All cement producers in Canada are now able to manufacture PLC and it has been fully recognized in the Canadian Standards Association (CSA) cement standards and building code. While there are no technical barriers to the adoption of PLC, its market penetration has been hindered by resistance to change, a function of the inherent conservatism in the construction community.

Carbon capture, utilization, and storage

One of the most exciting developments in the cement and concrete industry in recent years has been the explosion of carbon-capture technologies.

Carbon capture offers a complete solution to cement GHG emissions, with the potential to capture virtually 100 per cent of the emissions from both the cement industrial and combustion processes. Captured emissions can then be stored underground or used to make other products like CO₂-neutral synthetic fuels and aggregates. The latter can replace virgin aggregates used in concrete.

For many years carbon capture has been viewed as a kind of ‘Hail Mary’ pass for the coal-fired utility sector. In fact, SaskPower’s Boundary Dam coal-fired power plant in Saskatchewan is among the most well-known full-scale carbon capture systems in the world. However, the long-term success of carbon capture hinges, to a great degree, on its commercial application in the cement sector. This is, in part, because cement kilns produce a high concentration stream of CO₂ making it efficient to capture. Additionally, the captured carbon dioxide can be used as a material input in the concrete manufacturing process.

Several cement facilities in Canada are well advanced in the implementation of carbon capture systems. For example, a cement manufacturer has undertaken a $3 million advanced feasibility study for full-scale carbon capture system at their Edmonton, Alta., cement facility. Another manufacturer recently completed the installation of a flu gas pre-treatment system at their Richmond, B.C., cement facility, paving the way for a full carbon capture system.

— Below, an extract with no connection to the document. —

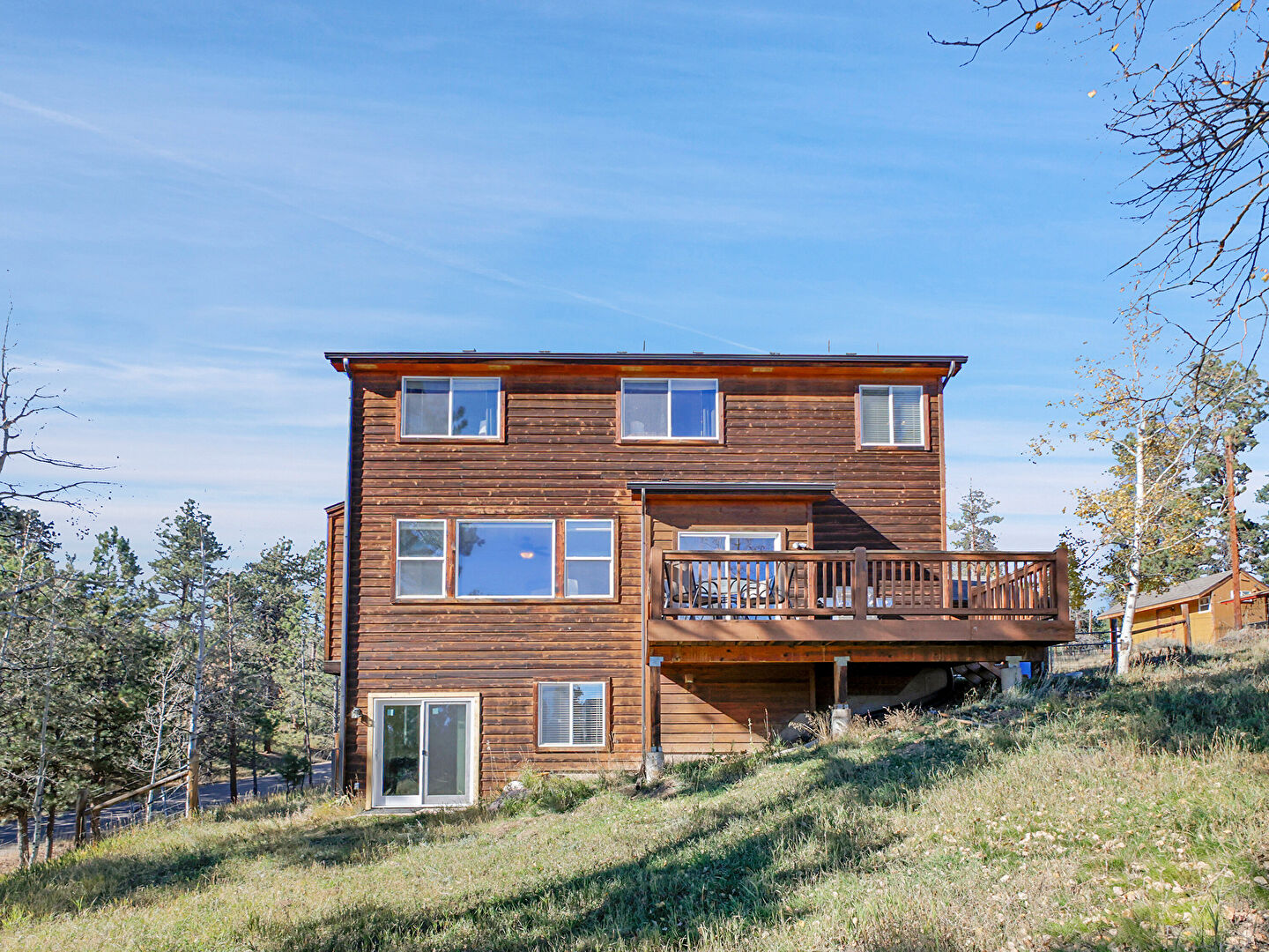 Basement Walk Out,  Concrete Foundation,  Deck,  Downspout,  Fence,  Gutters,  Horizontal Siding,  Lawn,  Wood Siding, Deck, Downspout, Horizontal Siding

Examples of carbon capture, utilization, and storage (CCUS) technologies include:

Solidia, which uses captured carbon to make a new type of concrete that cures with CO₂ instead of water, reducing the carbon intensity of the concrete by up to 70 per cent and potentially making concrete water-neutral (it also makes concrete stronger and faster to set);
CarbonCure, which injects liquid CO₂ into curing concrete to make it stronger with less cement;
Pondtech, which is an algae-based carbon capture and scrubber—the algae purify the flue gas and suck out carbon as they grow (the harvested algae can then be used to make biofuels, agricultural products, and even rare pigments); and
Blueplanet, which uses captured CO₂ to carbonate the waste products of other industrial sectors to make engineered aggregates that can replace virgin aggregates in concrete while permanently sequestering significant volumes of carbon in concrete products (CO₂is released when harvested algae is used to make biofuels, agricultural products, and rare pigments. However, one can achieve a net CO₂ benefit by displacing fossil CO₂ with CO₂ that has in effect been ‘recycled,’ making the process carbon neutral. In other cases, the captured CO₂ would be permanently sequestered).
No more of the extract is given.